Tuesday, December 7, 2010

Krugman Says "I Told You So!"

Here's Paul Krugman giving a big raspberry to the right wing nuts who have been pushing the agenda of Andrew Mellon with austerity. Mellon's famous quote was "liquidate labor, liquidate stocks, liquidate farmers, liquidate real estate… it will purge the rottenness out of the system. High costs of living and high living will come down. People will work harder, live a more moral life. Values will be adjusted, and enterprising people will pick up from less competent people."

Well Ireland and done everything Mellon asked and it is on its knees and gasping. Iceland took a more modern approach, a "heterodox" approach, where economic failure is not seen as a sin that must be expiated by long suffering through austerity.
Ice And Fire Update

Iceland is growing again. Of the excessive peripherals — Ireland, Iceland, Latvia, Estonia — Iceland had by far the biggest excesses, with a totally ludicrous buildup of debt. Yet through the magic of default and devaluation, it’s actually doing better than the other three.

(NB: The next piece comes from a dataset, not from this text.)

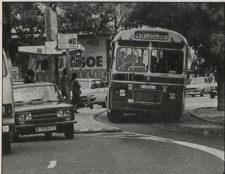
A nivel de Madrid-capital deben solucionarse los problemas del transporte colectivo

10) Un mayor esfuerzo en la mejora del medio ambiente. Una legislación más estricta sobre el particular y una fuerte vigilancia sobre la misma, así como la utilización de las medidas sancionadoras al respecto. Una política de mejora del medio ambiente pasa también por una ciudad más limpia.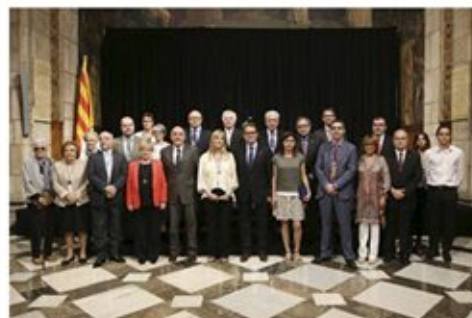
El president amb els guardonats amb les medalles i plaques Josep Trueta

▶ El cap de l'Executiu ha lliurat les medalles i plaques Josep Trueta a 13 professionals i tres entitats que han destacat pels serveis prestats en el progrés i millora de la sanitat

One of the remarkable things about the crisis of the past three years is that it has ended up strengthening the political hand of hard-money, austerity-imposing orthodoxy — yet the reality is that heterodoxy has worked much better in practice.
And this...
Poles Apart

Good piece in the Times about the advantages Poland is deriving from not having adopted the euro (yet):

The floating zloty, which has fallen about 18 percent against the euro since early 2009, acted as a pressure release valve, helping to keep Polish products competitive on world markets and insulating Poland from the effects of the sovereign debt crisis.

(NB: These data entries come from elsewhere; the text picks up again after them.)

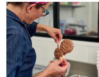
Eclat des Cimes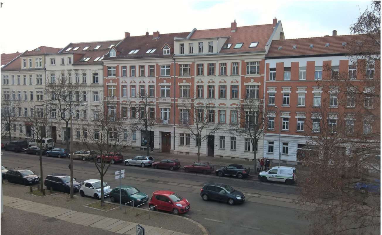
Blick nach draußen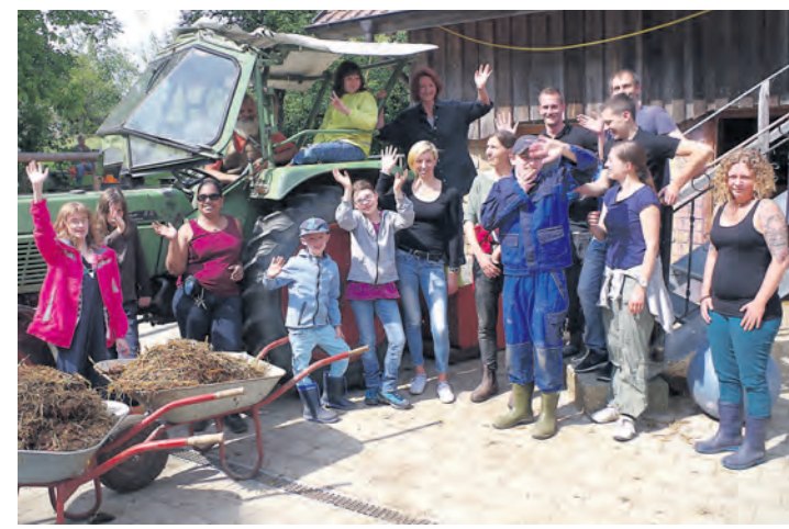
Stolz auf das vollbrachte Tagwerk: Schülerinnen und Schüler der Heimsonderschule Haus am Mühlbach zusammen mit Mitarbeitern von »Ernst & König« auf dem Hof »Heimatli« in Eckhardsbrunn im Rahmen des Projekts »Herzessache«.

Im Laufe dieses Jahres sind noch mehrere weitere Einsätze für die Heimsonderschule Haus am Mühlbach und das Projekt »Ene mene muh...« geplant.

Poland has proved itself to be Europe’s most dogged economy during the last two years. It was the only member of the European Union to avoid recession, soldiering on even after a plane crash in April killed much of the political elite, including the president and the central bank governor. No banks needed to be rescued.
You want to think about just how hard it would be to cut wages 18 percent, as opposed to achieving it automatically via depreciation.

Sadly, Obama appears to be more in the "austerity" camp. So 8 million Americans will pay for the sins of Wall Street with its collateralized mortgage obligations based on liar loans and a financial system run amok because the "deregulate, deregulate, deregulate" philosophy of the Republicans said that big money would look after itself. Well, instead big money fleeced the economy. Meanwhile, Bush and Obama gave the Wall Street bankers hundreds of billions to "make the whole" while it is giving the tough love of "austerity" as the medicine for Main Street and all the unemployed, underemployed, and foreclosed upon "little people".

Krugman has the right to say "I told you so." If you go look at his record of economic advice it has been consistent and correct. Sadly Obama wasn't interested. Obama decided to continue to Bush policy of heal Wall Street and let Main Street flounder. Obama negotiated with himself over stimulus and unemployment extensions and has managed to talk himself into cutting it down to something acceptable to the Republicans before he ever entered into "negotiations" with the Republicans. So the Republicans were able to ensure that the billionaires and millionaires will get "relief" from these hard times.